Compute weighted accuracy for log probs and targets.

Parameters:
  • logits – [batch, length, num_classes] float array.

  • targets – categorical targets [batch, length] int array of categories.

  • weights – None or array of shape [batch, length]

Returns:

Scalar accuracy.

t5x.models.count_packed_examples(segment_ids)[source]#

Return the number of packed examples.

After packing, each row of segment_ids contains the ids of packed examples. For some model inputs, some features could have some examples but not others. For example, two tasks in a multimodal setup could be: (1). text -> text, and (2). image -> text. Examples from (1) will be missing image input feature and examples from (2) will be missing text input feature.

To count the packed examples, we count the unique ids in segment_ids excluding 0s (because of padding). It can be implemented by counting the number of non-zero values in the first discrete difference along axis=1, plus the number of rows in segment_ids, and minus the number of padded examples.

Example

[[1, 1, 3, 3, 0, 0],

[2, 2, 2, 2, 2, 2], [2, 7, 7, 7, 7, 0]] has 5 packed examples.

Parameters:

segment_ids – [B, L] array.

Returns:

Scalar count.

t5x.models.remove_prefix(sequence, prefix_length)[source]#

Vectorized version of remove_prefix. Takes similar arguments as remove_prefix but with additional array axes over which remove_prefix is mapped.

Original documentation:

Remove the prefix portion and shift to the left by the prefix length.

The example below uses non-decorated function definition, i.e., arrays do not have batch dimension. jax.vmap internally inserts the batch dimension at axis=0. The shape annotations do not include the batch dimension either.
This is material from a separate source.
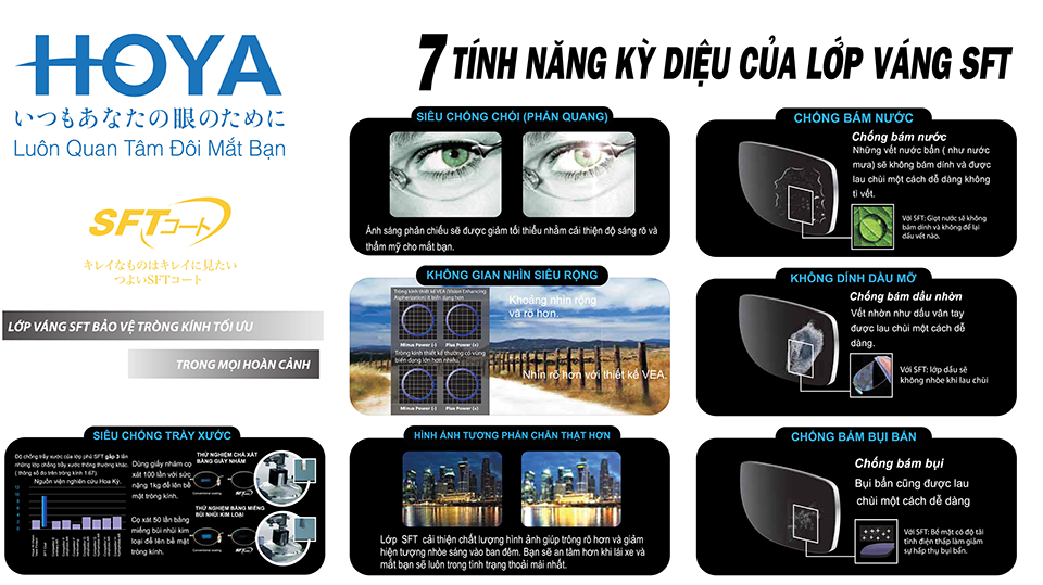 SFT là lớp váng phủ đa năng, giúp giảm chói, chống trầy xước, hạn chế bám bụi và dầu nhờn, đồng thời nâng cao độ tương phản hình ảnh. Đây là giải pháp toàn diện giúp bảo vệ tròng kính cũng như trải nghiệm thị giác của người dùng trong mọi điều kiện ánh sáng.

Example: `python sequence = [1, 2, 3, 4, 5, 6, 7, 0] prefix_length = 2 remove_prefix(sequence, prefix_length) = [3, 4, 5, 6, 7, 0, 0, 0] `

Note that this function assumes that the padding token has an id of 0.

Args:

sequence: [length] array. prefix_length: scalar, i.e., rank 0 array.

Returns:

[length] array with the prefix removed and the suffix shifted.